One year later, the Claude “Bud” Lewis Carlsbad Desalination Plant has produced nearly 15 billion gallons (57bn liters) of drinking water, representing the best of our collective efforts in California to solve complex and sometimes confounding water challenges.

Consider:

  • The plant generated about 10 percent of San Diego County’s water supply during its first year, providing a valuable resource during one of the most severe droughts in modern California history.
  • It reduced state emergency water-use mandates across San Diego County in March, and helped the county pass the state’s stringent water supply stress test in June – ending the state’s emergency water-use mandates in the region.
  • It was heralded as the International Desalination Plant of the Year by Global Water Intelligence for “the most impressive technical or ecologically sustainable achievement in the industry” and by the San Diego County Taxpayers Association for “stretching taxpayer dollars through cooperation between the public and private sectors.”

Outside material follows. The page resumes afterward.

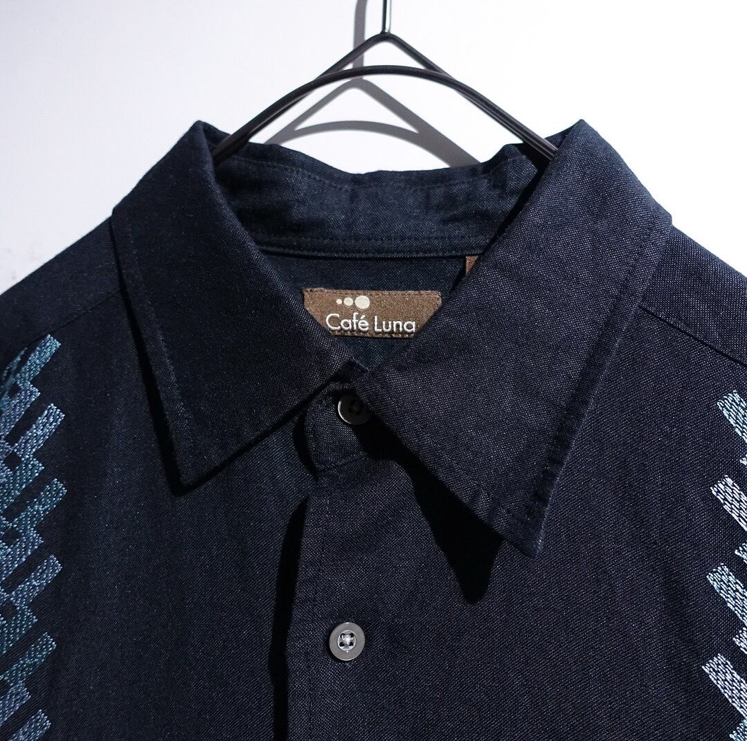 Black Geometric Gradient Embroidery Design Cuba Shirt

What’s often overlooked is that the Carlsbad plant also relieved pressure on the State Water Project and the ecologically sensitive Sacramento-San Joaquin Bay Delta by reducing the amount of imported water San Diego County needs. The plant is a core supply for decades regardless of the weather. Every drop it produces is a drop that we don’t need to import from sources impacted by long-term drought.

In fact, the Carlsbad plant underscores San Diego County’s long-running commitment to support water-management efforts statewide. Gov. Jerry Brown’s 2014 California Water Action Plan says California should make conservation a way of life, advance regional self-reliance and manage and prepare for dry periods.

More than two decades ago, the San Diego region adopted a strategic, multifaceted water strategy for managing both supply and demand, embracing the core concepts of the governor’s water plan well before it was conceived. Even though seawater desalination makes headlines, it’s just one piece of our approach that includes continuing to increase water-use efficiency.

Prior to emergency water-use mandates imposed by the state in 2015, San Diego County’s per capita potable water use was nearly 40 percent below 1990 levels. In fact, the region’s population grew by 800,000 and its economic output nearly doubled between 1990 and 2015, while total potable water use declined by more than 20 percent.

Even though the Carlsbad plant helped to ensure that we would have sufficient water to meet demands in 2016 (and beyond), the San Diego region beat the state’s emergency targets to reduce water use by 20 percent. Once state targets were lifted, San Diego kept conserving at an impressive pace; urban potable water use for the region was down 17 percent from June through October 2016, compared to the same period in 2013.

From its earliest days, California has embraced a spirit of innovation in the face of challenges, and that same spirit will be necessary in the years ahead. The one-year anniversary of the Carlsbad desalination plant invites us to remember how far we’ve come as a region and a state to manage existing water supplies wisely, while advancing new and bold water solutions that will secure our future.

The views expressed in this article belong to the author and do not necessarily reflect the editorial policy of Water Deeply.